A gdy kapłani niosący arkę przymierza PANA wyszli ze środka Jordanu i stopy ich stanęły na suchej ziemi, wody Jordanu wróciły na swoje miejsce i płynęły jak przedtem, wypełnione po brzegi.
19 Het volk nu was den tienden der eerste maand uit de Jordaan opgeklommen; en zij legerden zich te Gilgal, aan het oosteinde van Jericho.
Lud wyszedł z Jordanu dziesiątego [dnia] pierwszego miesiąca i rozbił obóz w Gilgal, po wschodniej stronie Jerycha.
20 En Jozua richtte die twaalf stenen te Gilgal op, die zij uit de Jordaan genomen hadden.
A te dwanaście kamieni, które wyniesiono z Jordanu, Jozue ustawił w Gilgal.
21 En hij sprak tot de kinderen Israels, zeggende: Wanneer uw kinderen morgen hun vaderen vragen zullen, zeggende: Wat zijn deze stenen?
I powiedział do synów Izraela: Gdy w przyszłości wasi synowie zapytają swoich ojców: Co [znaczą] te kamienie?
22 Zo zult gij het uw kinderen te kennen geven, zeggende: Op het droge is Israel door deze Jordaan gegaan.

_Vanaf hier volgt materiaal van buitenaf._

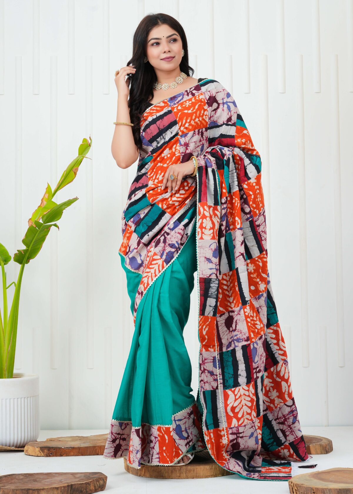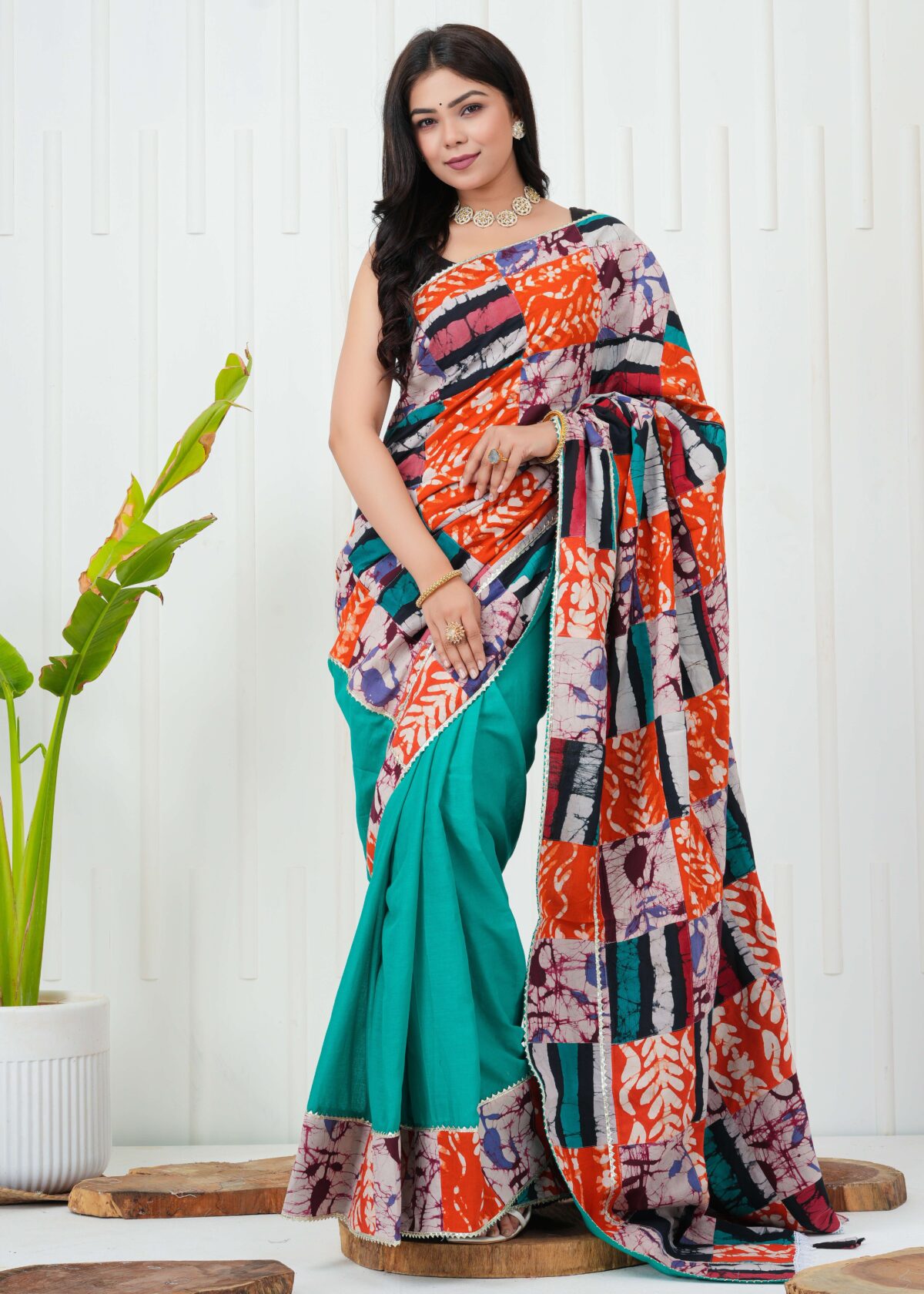Women’s Multicolor Patchwork Printed Saree with Green Base Blouse Piece Elegant Ethnic Wear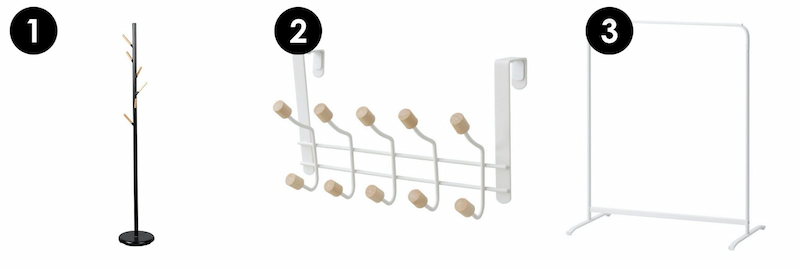 其中我最推薦的是3,但掛衣桿通常有一定長度,如果要放在空間有限的小套房、更衣室或是想玄關掛進門脫下的外套,可能就沒這麼適合。

Wtedy powiecie swoim synom: Izrael przeszedł przez Jordan po suchej ziemi;
23 Want de HEERE, uw God, heeft de wateren van de Jordaan voor uw aangezichten doen uitdrogen, totdat gijlieden er waart doorgegaan; gelijk als de HEERE, uw God, aan de Schelfzee gedaan heeft, die Hij voor ons aangezicht heeft doen uitdrogen, totdat wij daardoor gegaan waren;
PAN Bóg bowiem osuszył wody Jordanu przed wami, aż się przeprawiliście – tak jak PAN, wasz Bóg, uczynił z Morzem Czerwonym, które wysuszył przed nami, aż przeszliśmy;
24 Opdat alle volken der aarde de hand des HEEREN kennen zouden, dat zij sterk is; opdat gijlieden den HEERE, uw God, vrezet te allen dage.
Aby wszystkie narody ziemi poznały, że ręka PANA jest potężna, i żebyście bali się PANA, swojego Boga, po wszystkie dni.